(Source records)
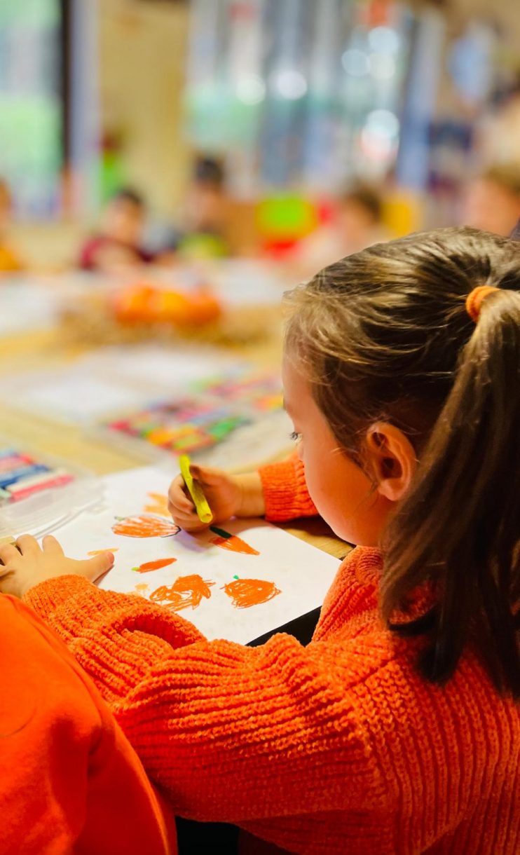 Etkinlik kapsamında çocuklarla birlikte sınıf masalarına yerleştirilen portakal, mandalina ve havuçlarla natürmort çalışmaları yapıldı. Çocuklar turuncunun farklı tonlarını incelerken; dokunarak, koklayarak ve gözlemleyerek hem sanatla hem de doğayla güçlü bir bağ kurdu.
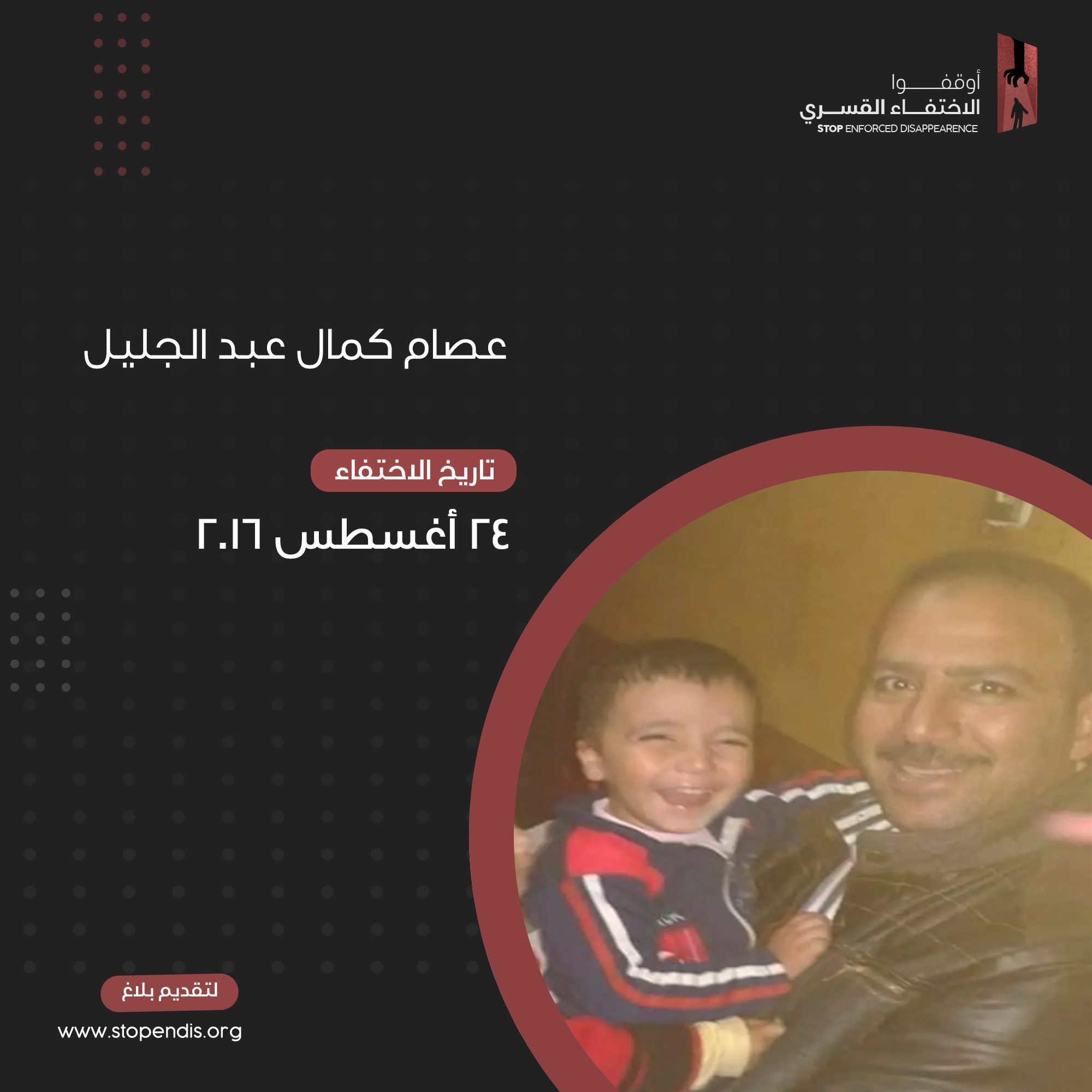 للعام السابع على التوالي تواصل قوات الانقلاب في الجيزة جريمة الإخفاء القسري للمهندس عصام كمال عبد الجليل عبد العليم، 43 عاما، بعدما اعتقلته يوم يوم 24 أغسطس 2016 من مدينة السادس من أكتوبر.
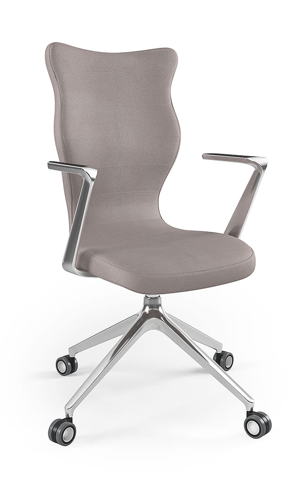 Oprócz tego, prezentowane krzesło biurowe tapicerowane zostało wyposażone w zestaw pięciu miękkich kółek obrotowych. Model krzesła biurowego na kółkach umożliwia płynny ruch w każdym kierunku. Arco dzięki swojej budowie pozwala na swobodne ruchy zarówno na twardej podłodze, jak i na miękkich wykładzinach czy dywanach. Krzesło do biurka Arco, dzięki swojej solidnej konstrukcji, wygodnemu siedzisku, wielu opcjom regulacji, a także licznym walorom estetycznym stanowi idealny wybór. To doskonałe rozwiązanie zarówno do nowoczesnych przestrzeni biurowych, jak i do kameralnego biura w zaciszu domowym. Warto również dodać, że przedstawiane krzesło biurowe zostało zaprojektowane oraz w całości wyprodukowane w Polsce, co dodatkowo świadczy o wysokiej jakości wykonania.
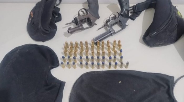 As equipes do 7º Batalhão encontraram a dupla atravessando a BR, fizeram a abordagem e deram voz de prisão. Além das armas, os acusados estavam com mais de 50 munições intactas (prontas para o uso).
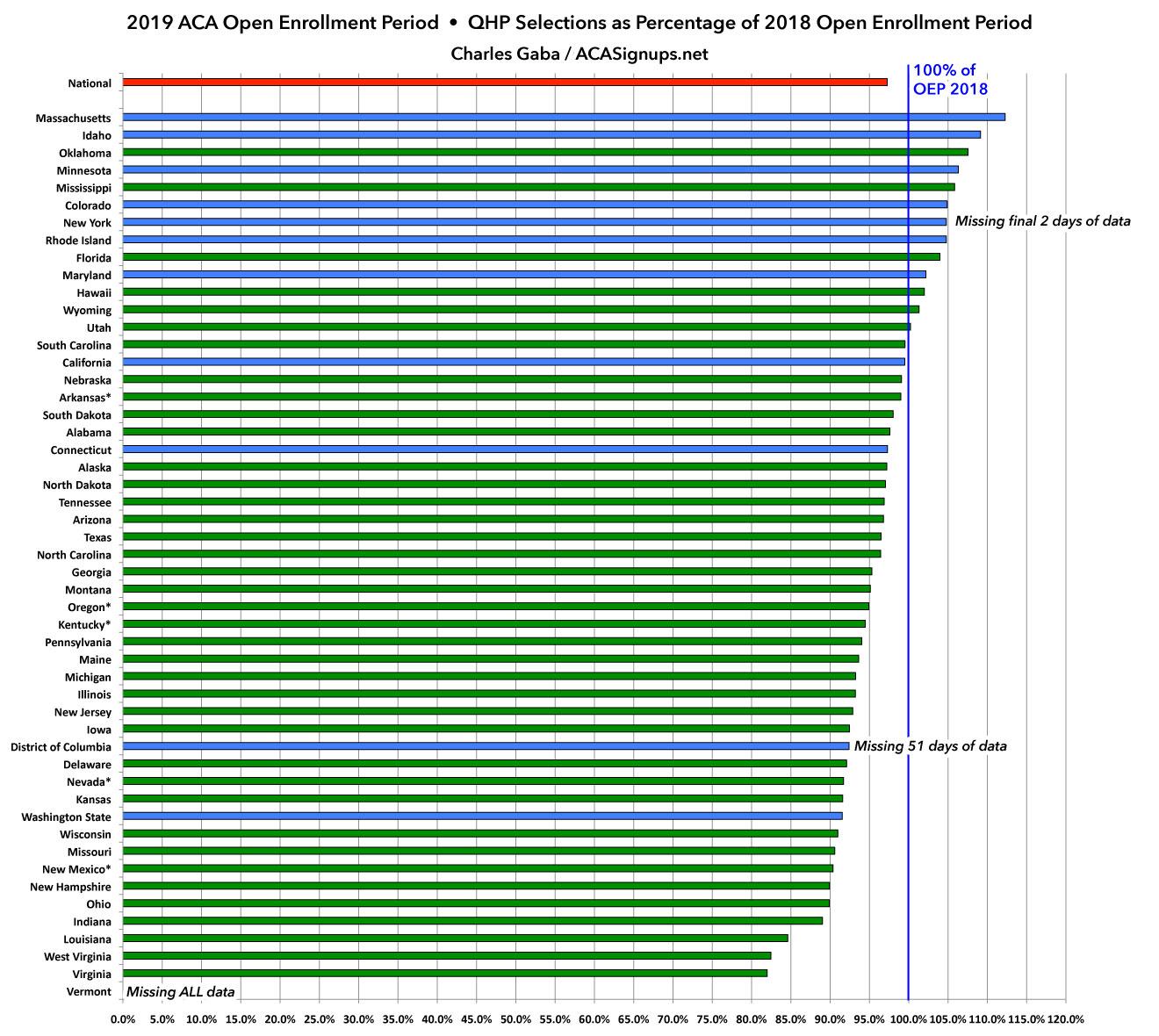 I still expect the final national QHP selection tally to increase by around 35,000 more when the dust settles, including perhaps 1,000 more from DC, 5K - 10K more from New York and around 28,000 from Vermont (which hasn't reported anything so far this Open Enrollment Period). If so, the official total should end up around 11.47 million nationally, with the 12 State-Based exchanges coming in around 1.6% higher than last year (an all-time high for them collectively) vs. the 39 states on the federal exchange, which dropped another 3.8% this year. Nationally, the official total should end up around 280,000 enrollees short of last year.
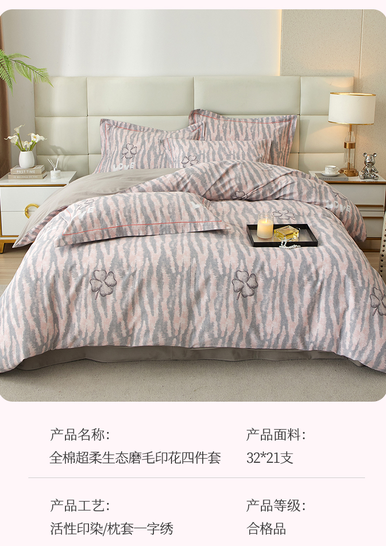 当前位置: 91家纺网 > 商品网购 > 床品套件 > 四件套 > 磨毛活性四件套 > 曼秀琳 2024新款全棉超柔生态磨毛四件套(32*21支) 花香物语

**WHAT IS REQUIRED:** What is needed is an exact copy of only the lines above from the one with "للعام السابع على" to the one with "As equipes do", both kept, with every picture left out.

**REPLY:**
 للعام السابع على التوالي تواصل قوات الانقلاب في الجيزة جريمة الإخفاء القسري للمهندس عصام كمال عبد الجليل عبد العليم، 43 عاما، بعدما اعتقلته يوم يوم 24 أغسطس 2016 من مدينة السادس من أكتوبر.
 Oprócz tego, prezentowane krzesło biurowe tapicerowane zostało wyposażone w zestaw pięciu miękkich kółek obrotowych. Model krzesła biurowego na kółkach umożliwia płynny ruch w każdym kierunku. Arco dzięki swojej budowie pozwala na swobodne ruchy zarówno na twardej podłodze, jak i na miękkich wykładzinach czy dywanach. Krzesło do biurka Arco, dzięki swojej solidnej konstrukcji, wygodnemu siedzisku, wielu opcjom regulacji, a także licznym walorom estetycznym stanowi idealny wybór. To doskonałe rozwiązanie zarówno do nowoczesnych przestrzeni biurowych, jak i do kameralnego biura w zaciszu domowym. Warto również dodać, że przedstawiane krzesło biurowe zostało zaprojektowane oraz w całości wyprodukowane w Polsce, co dodatkowo świadczy o wysokiej jakości wykonania.
 As equipes do 7º Batalhão encontraram a dupla atravessando a BR, fizeram a abordagem e deram voz de prisão. Além das armas, os acusados estavam com mais de 50 munições intactas (prontas para o uso).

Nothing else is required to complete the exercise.